Comparison of Compounded Drugs with FDA-Approved Drugs
There are significant differences between compounded drugs and FDA-approved drugs. One important difference is that pharmacy compounded products are not clinically tested for safety and efficacy, nor is bioequivalence testing conducted as is required for generic drugs. The type and extent of quality control testing required for FDA-approved drugs is greater than the testing done on compounded preparations. Compounding pharmacies often rely upon Certificates of Analysis from suppliers rather than retesting incoming bulk ingredients as pharmaceutical manufacturers are required to do by GMPs. Another dissimilarity is that compounding pharmacies are exempt from the federal GMP regulations that are obligatory for all approved pharmaceutical manufacturers. The FDA typically only inspects or takes action against pharmacies after serious health problems occur.

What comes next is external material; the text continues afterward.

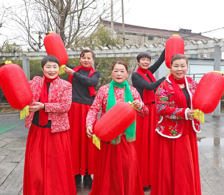 前黃鎮(zhèn)坊東村健身廣場(chǎng),跳廣場(chǎng)舞的阿姨們正展示著新購(gòu)置的燈籠,紅紅火火鬧新春。

Unlike the product labeling of FDA-approved drugs, the labeling of compounded preparations is neither regulated nor standardized. Thus, compounded medications may be dispensed without any instruction regarding contraindications to use, warnings and precautions, drug interactions, etc. Advertising and promotion of approved drugs is subject to FDA oversight and restriction, including fair balance of safety information. By contrast, compounding pharmacies advertise and promote their products without such oversight and may make unsupported claims of efficacy while failing to mention any potential risks and side effects [21]. In order to ensure that patients and healthcare providers are properly informed, it has been proposed that the labeling on compounded preparations should state that they have not been approved as safe and effective by the FDA [22].
Another major difference is that compounding pharmacies are not required to report adverse events to the FDA, whereas adverse event reporting is mandatory for manufacturers of FDA-regulated medications. Thus, adverse events associated with compounded drugs may be difficult to detect, particularly if the affected patients are widely scattered in different geographic areas.
Although the focus of this article is on drugs produced and used in the US, Canadian regulatory authorities have similarly addressed the issue of pharmacy compounded medications. The “Policy on Manufacturing and Compounding Drug Products in Canada” acknowledges compounding as a legitimate part of medical practice, but says it should not be used as a means to bypass the federal drug review and approval system. The policy also states that compounded products must provide a customized medication, without duplicating an approved drug product [23].